Open sarahhunt opened 9 years ago
Some sample data from CIViC that we could use to see how it fits with current G2P schema: The main endpoints for CIViC API are (1) gene (with reference to one or more variant), (2) variant (with reference to one or more evidence statement), and (3) evidence items. Here is an example gene, with one of its variants, and one of that variants evidence statements. https://civic.genome.wustl.edu/api/genes/5 https://civic.genome.wustl.edu/api/variants/12 https://civic.genome.wustl.edu/api/evidence_items/79
For more details on the evidence item fields go to: https://civic.genome.wustl.edu/#/help
Select "Evidence Items" from the left. Navigate the four tabs to learn about the evidence items, types, levels, and ratings.
Pasted below is the output from a rough prototype G2P endpoint serving GWAS catalog data. The evidence attributes look odd as the field where the statistics are returned is called "description". "7.00e-19" is a funny sounding description for a p-value.
Also, there is nowhere obvious to put the risk allele - it isn't evidence for the association, more a result/info value at the FeaturePhenotypeAssociation level.

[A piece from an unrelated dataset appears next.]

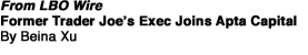 6/17/2010 Wilton, Conn. -- Apta Capital LLC, which launched earlier this year, has brought on former Trader Joe's president Doug Rauch, according to Apta Managing Director John Appel.
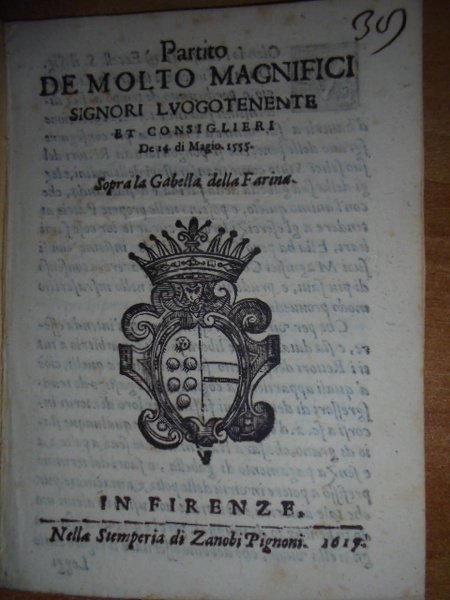 Bandi. PARTITO de molto Magnifici Signori Luogotenente et Consiglieri de 14 di Maggio 1555 sopra la gabella della farina. In Firenze, nella stamperia di Zenobi Pignoni, 1617. In-4° antico, cop. in varese. (4) pp. Arme ducale nel front. Opuscolo raro. Pac. 3. Mob. 3 Uff.

{ "associations": [ { "id": "placeholder", "features": [ { "featureType": { "source": "SO", "name": "sequence_variant", "id": "SO:0001060" }, "referenceName": "10", "end": 61992400, "featureSetId": "placeholder", "parentIds": [], "id": "rs7089424", "attributes": {}, "start": 61992400 } ], "phenotype": { "qualifier": "", "ageOfOnset": "", "type": { "ontologySourceID": "http://www.ebi.ac.uk/efo/EFO_0000220", "ontologySourceName": "EFO", "ontologySourceVersion": "" }, "id": "placeholder", "description": "Acute lymphoblastic leukemia (childhood)" }, "evidence": [ { "evidenceType": "http://purl.obolibrary.org/obo/IAO_0000311", "description": "PMID:19684604" }, { "evidenceType": "http://purl.obolibrary.org/obo/OBI_0001442", "description": "7.00e-19" }, { "evidenceType": "http://purl.obolibrary.org/obo/OBCS_0000054", "description": "1.65" }, { "evidenceType": "risk/associated allele to go somewhere else", "description": "C" } ], "environmentalContexts": [], },
We'll need to get to a way of representing different type of defined evidence types (specific to cancer clinical genomics, statistical associations, etc.). Use of subclassing would be a better solution but a conceptual straw man would be something like:
record FeaturePhenotypeAssociation { … union {CancerEvidenceSet, StatisticalEvidenceSet} evidence; … }
record CancerEvidenceSet { OntologyTerm evidenceType; OntologyTerm evidenceLevel; OntologyTerm evidenceDirection; … }
record StatisticalEvidenceSet { OntologyTerm pValue; … }
The evidence record currently only supports an evidence type and text description. Are there advanced plans to extend this? In other parts of the API a metadata key-value pair structure is used to allow customisation in different implementations. The idea is that the API has some flexibility from the start and commonly used data types can be promoted to named fields as required.